ASSIGNMENT:
Would you copy exactly the lines in the data below from the one that has "В читальном зале" through the one that has "Blazer da uomo", dropping any pictures?

^^^^^^^^^^^^^^^^

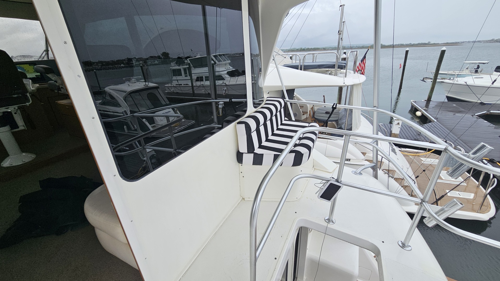 custom mezzanine seating area with refrigerated compartments. Additional features include an enclosed flybridge, a
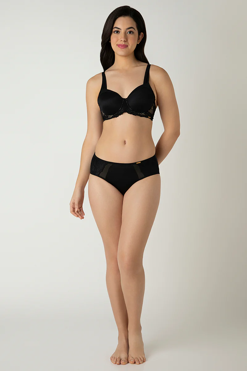 Home Bra Padded Bra BLACK Glam Lace Padded Wired Balconette Bra
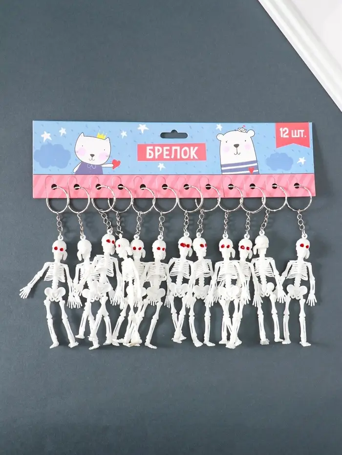 Брелок пластик "Скелет в бандане" белый 10х3,5х1 см
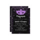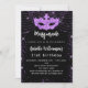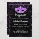 Para uma Mascarada elegante, 21ruas (ou qualquer idade) festa de aniversário. Um clássico fundo negro. Decorado com faxes roxos e uma máscara de mascarada. Personalize e adicione um nome, idade e detalhes da festa. O nome é escrito com um script de estilo manuscrito
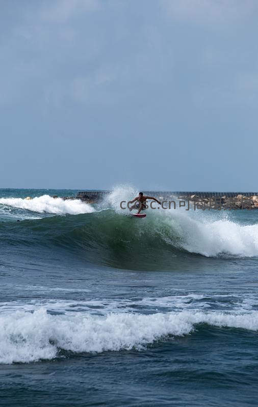 冲浪者在碧波巨浪中保持平衡,身体舒展,激起层层水花,展现人与自然搏击的勇气与技巧,充满动感与活力。
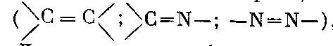 легко возбуждаются. Для перехода на более высокий энергетический уровень таким электронам (их называют пи-электронами) требуется гораздо меньше энергии. Но и вещества с двойными связями поглощают только ультрафиолетовые лучи, а потому они не окрашены. Особенно подвижны пи-электроны в соединениях с сопряженными, правильно чередующимися двойными связями. Таковы, например, полиметиновые и азометиновые цепи атомов, а также замкнутые, главным образом шестичленные кольца и их агрегаты. Во всех этих структурах пи-электроны настолько слабо связаны со своими двумя атомами, что свободно перемещаются по всей структуре молекулы. Такие делокализованные электроны особенно легко возбуждаются квантами небольшой величины. Вещества, содержащие де-локализованные пи-электроны, способны поглощать фотоны света в видимой области спектра, т. е. они окрашены.
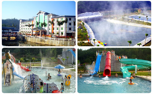 ????金水臺溫泉座落在中國禪宗六祖惠能的故鄉廣東新興縣、與開平市、高明市、鶴山市和云浮市四市交匯點。金水臺溫泉是國家AAAA級旅游景區,區環境優美,總投資人民幣逾5億元,占地面積680畝,度假村均以加勒比海風格設計建成,配有大型露天溫泉區,私家溫泉別墅70多套、豪華客房400多間, 大型國際會議中心、金水軒中餐廳、健康中心、大型水上樂園、高級歌舞廳、KTV包廂、特產超市、足球場、籃球場、網球場、釣魚場、燒烤場、戶外拓展訓練基地等。同時度假村被原生態山林圍繞,湖光倒影,景色迷人,到金水臺溫泉休閑、度假、養生、會議,不但可以飽覽這里優美的湖光山色,還可以以天然負離子清洗心肺,聆聽百鳥歡唱,其中滋味,須身臨其境而得之。
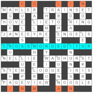 I found the crossword an easy solve with some delightful clues, especially 6 (MAHLER), 13 (ENGELS), 15 (CROSSWORD EDITOR) and 29 (NOODLE).
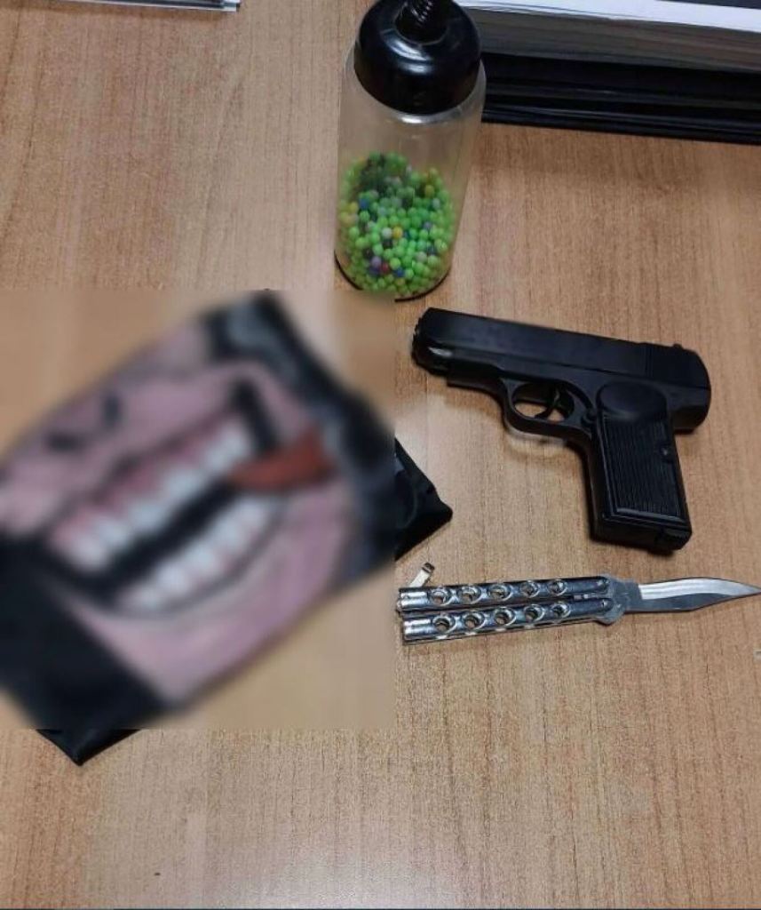 Κατά τη διάρκεια της έρευνας, οι αστυνομικοί κατέσχεσαν από τον 14χρονο ένα αεροβόλο πιστόλι, ένα μαχαίρι τύπου πεταλούδα, 440 μπίλιες αεροβόλου όπλου και μια κουκούλα τύπου full face.
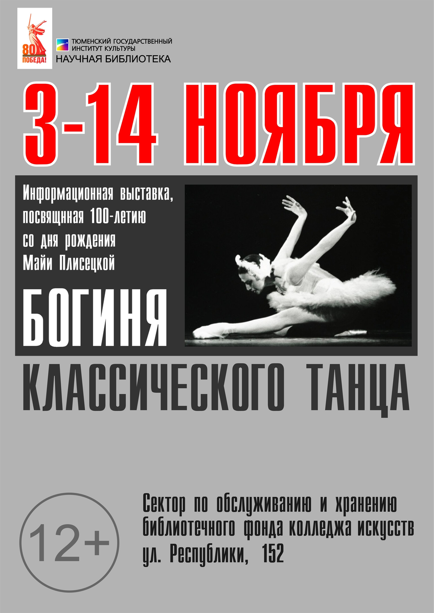 В читальном зале колледжа искусств (ул. Республики, 152, ауд. 1103) научной библиотеки ТГИК открыта информационная выставка «Богиня классического танца», посвящённая 100-летию со дня рождения советской и российской балерины Майи Плисецкой (1925–2015).
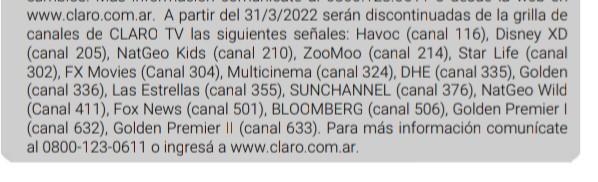Muy malas noticias… Claro paso de ser uno de los mejores cables cuando comenzo a reducirse a casi nada… No solo sacan los canales de Disney sino que se van unos cuantos mas a partir de Abril, una verguenza lo que estan haciendo.
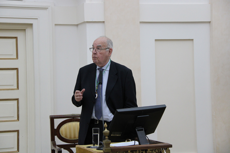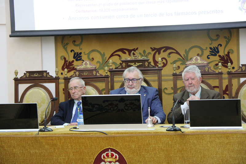 El Dr. Domínguez-Gil Hurlé, se ocupó de ‘El uso corrector de medicamentos en Geriatría; cómo evitar los riesgos y conseguir los mayores beneficios’. Comenzó su participación delimitando el concepto de anciano y sus distintas subcategorías en razón de la edad, para entender este colectivo poblacional como no homogéneo; subrayó la ausencia de ensayos clínicos específicos sobre la población anciana y la consideración de ‘población especial’ que les otorga, desde 2010, el International Council for Harmonisation of Technical Requirements for Pharmaceuticals for Human Use [ICH], en relación con la terapéutica farmacológica. Señaló el singular valor que la seguridad del paciente debe tener dentro de cualquier estrategia sanitaria y presentó algunas de las contribuciones más señeras realizadas al respecto por el Instituto para el Uso Seguro de los Medicamentos, delegación española de del Institute for Safe Medication Practices [ISMP], con sede en Salamanca; en particular en lo que se refiere a los incidentes causados por medicamentos. Abordó la relación de los medicamentos inapropiados para el anciano y las consecuencias en la respuesta al tratamiento farmacológico, en particular los problemas de adherencia y persistencia en el tratamiento, analizando, a modo de ejemplo, los casos de control de la coagulación en ancianos o los progresos tecnológicos en Geriatría oncológica.
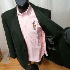 Blazer da uomo Luciano Benetti in lana vergine tirolese, con toppe sui gomiti. Ottima fattura sartoriale, due spacchi posteriori, spalle imbottite.
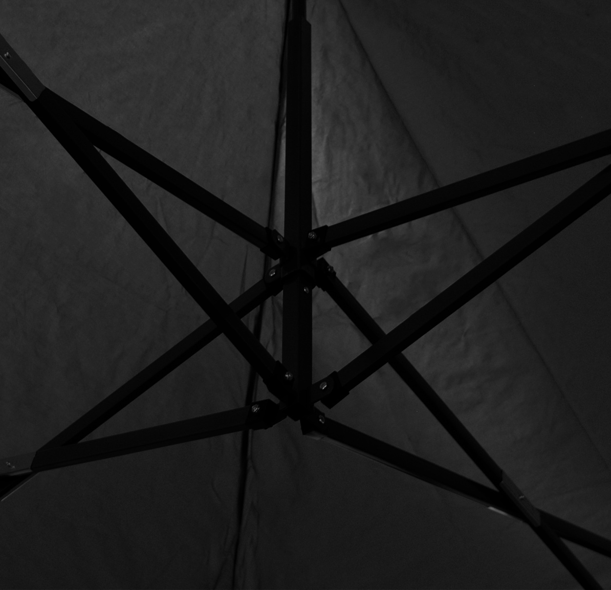 Konstrukce je vyrobena z práškově lakované oceli se šroubovanými spoji, které dodávají stánku stabilitu a pevnost i při častém používání. Patky na nohách umožňují bezpečné ukotvení k povrchu. Součástí provedení je také středová noha, která rovnoměrně rozkládá zatížení konstrukce, zvyšuje stabilitu a snižuje průhyb střechy u velkého rozměru 3×6 m.
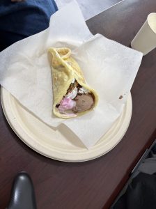 完成したクレープの写真を撮ったり、
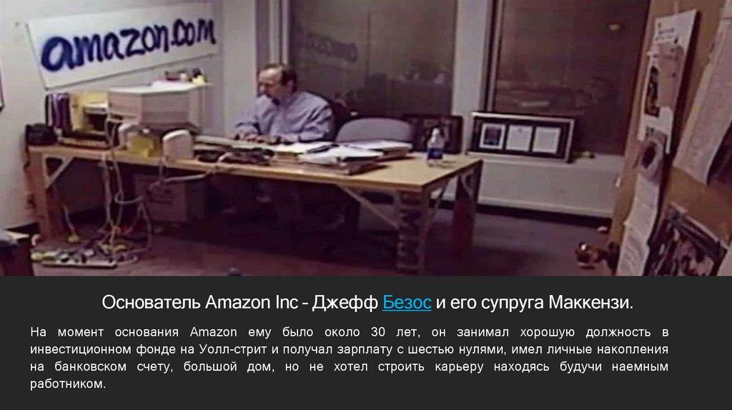 Основатель Amazon Inc – Джефф Безос и его супруга Маккензи.На момент основания Amazon ему было около 30 лет, он занимал хорошую должность в
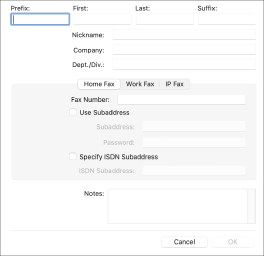 Specify at least one of name ([Last], [First], [Nickname], or [Company]) and at least one [Fax Number] ([Home Fax], [Work Fax], [IP Fax], or [Fax Number/URI]).
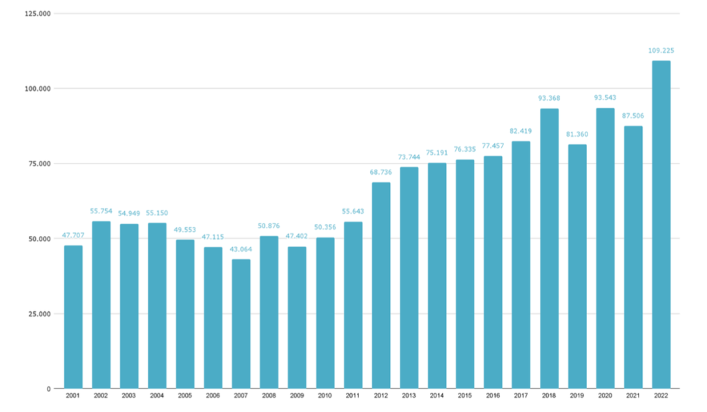 La matrícula de egresados bajo esta modalidad se duplicó entre 2001 y 2022. El aumento fue del 128% en los últimos 20 años. La mayoría de quienes terminan de forma extendida son menores de 29 años. Las provincias donde más creció la graduación son Chaco, Jujuy, San Luis, Corrientes y Salta.

^^^^^^^^^^^^^^^^

EXERCISE RESPONSE:
 В читальном зале колледжа искусств (ул. Республики, 152, ауд. 1103) научной библиотеки ТГИК открыта информационная выставка «Богиня классического танца», посвящённая 100-летию со дня рождения советской и российской балерины Майи Плисецкой (1925–2015).
Muy malas noticias… Claro paso de ser uno de los mejores cables cuando comenzo a reducirse a casi nada… No solo sacan los canales de Disney sino que se van unos cuantos mas a partir de Abril, una verguenza lo que estan haciendo.
 El Dr. Domínguez-Gil Hurlé, se ocupó de ‘El uso corrector de medicamentos en Geriatría; cómo evitar los riesgos y conseguir los mayores beneficios’. Comenzó su participación delimitando el concepto de anciano y sus distintas subcategorías en razón de la edad, para entender este colectivo poblacional como no homogéneo; subrayó la ausencia de ensayos clínicos específicos sobre la población anciana y la consideración de ‘población especial’ que les otorga, desde 2010, el International Council for Harmonisation of Technical Requirements for Pharmaceuticals for Human Use [ICH], en relación con la terapéutica farmacológica. Señaló el singular valor que la seguridad del paciente debe tener dentro de cualquier estrategia sanitaria y presentó algunas de las contribuciones más señeras realizadas al respecto por el Instituto para el Uso Seguro de los Medicamentos, delegación española de del Institute for Safe Medication Practices [ISMP], con sede en Salamanca; en particular en lo que se refiere a los incidentes causados por medicamentos. Abordó la relación de los medicamentos inapropiados para el anciano y las consecuencias en la respuesta al tratamiento farmacológico, en particular los problemas de adherencia y persistencia en el tratamiento, analizando, a modo de ejemplo, los casos de control de la coagulación en ancianos o los progresos tecnológicos en Geriatría oncológica.
 Blazer da uomo Luciano Benetti in lana vergine tirolese, con toppe sui gomiti. Ottima fattura sartoriale, due spacchi posteriori, spalle imbottite.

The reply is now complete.